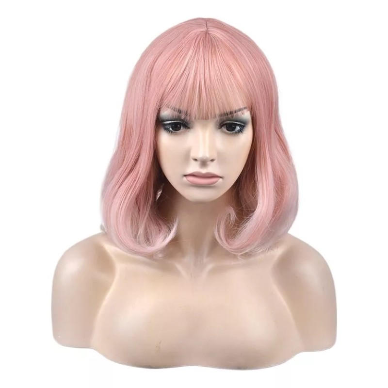 - Modelo: Peluca de onda suelta Pelucas cortas de Bob con flequillo de aire Peluca hasta el hombro para mujeres Peluca de cosplay sintética ondulada y rizada para niñas Pelucas de disfraces
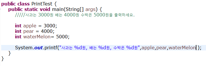 이것 또한 System.out.printf(); 이렇게 사용해주시면 됩니다.
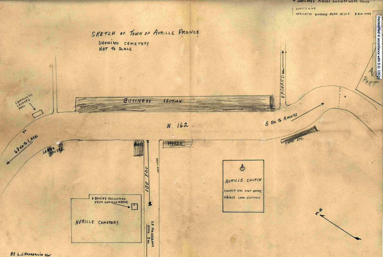 Le 10 août 1944, après l’évacuation de la ville d’Avrillé par l’ennemi, je me suis rendu sur les lieux de l’affrontement. J’ai contacté des civils et j’ai été conduit au cimetière local, où ils m’ont dit avoir enterré trois soldats américains. Les Français avaient enterré deux hommes dans une fosse le 8 et y avaient placé leurs deux casques. L’un portait le nom de Smartt et l’autre celui d’Anderson. Les Français m’ont raconté qu’après l’extinction des flammes dans le véhicule blindé, ils s’y étaient rendus, avaient retiré un corps (probablement celui de Klug) et l’avaient enterré dans la deuxième fosse le 10 août. Les plaques d’identification de Klug m’ont été remises et elles avaient clairement été brûlées. D’après le récit des Français, il semble que l’homme resté dans le semi-chenillé, le sergent Jesse Rice, ait été enlevé par les Allemands lors de l’enlèvement des véhicules. Toutes les informations ont été placées dans des enveloppes imperméables et fixées aux stèles funéraires. Tous les papiers d’identité (étiquettes, etc.) avaient été retirés des corps par les Allemands avant leur inhumation par les Français.
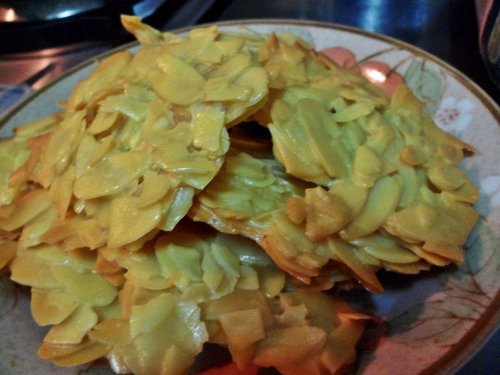 現在是近夜十二點,本來不餓,但看到韶關做的杏仁薄片,

● **Exercise description**
Transcribe the listing exactly. Its images are to be omitted.

● **Answer to the problem**
 - Modelo: Peluca de onda suelta Pelucas cortas de Bob con flequillo de aire Peluca hasta el hombro para mujeres Peluca de cosplay sintética ondulada y rizada para niñas Pelucas de disfraces
 이것 또한 System.out.printf(); 이렇게 사용해주시면 됩니다.
 Le 10 août 1944, après l’évacuation de la ville d’Avrillé par l’ennemi, je me suis rendu sur les lieux de l’affrontement. J’ai contacté des civils et j’ai été conduit au cimetière local, où ils m’ont dit avoir enterré trois soldats américains. Les Français avaient enterré deux hommes dans une fosse le 8 et y avaient placé leurs deux casques. L’un portait le nom de Smartt et l’autre celui d’Anderson. Les Français m’ont raconté qu’après l’extinction des flammes dans le véhicule blindé, ils s’y étaient rendus, avaient retiré un corps (probablement celui de Klug) et l’avaient enterré dans la deuxième fosse le 10 août. Les plaques d’identification de Klug m’ont été remises et elles avaient clairement été brûlées. D’après le récit des Français, il semble que l’homme resté dans le semi-chenillé, le sergent Jesse Rice, ait été enlevé par les Allemands lors de l’enlèvement des véhicules. Toutes les informations ont été placées dans des enveloppes imperméables et fixées aux stèles funéraires. Tous les papiers d’identité (étiquettes, etc.) avaient été retirés des corps par les Allemands avant leur inhumation par les Français.
 現在是近夜十二點,本來不餓,但看到韶關做的杏仁薄片,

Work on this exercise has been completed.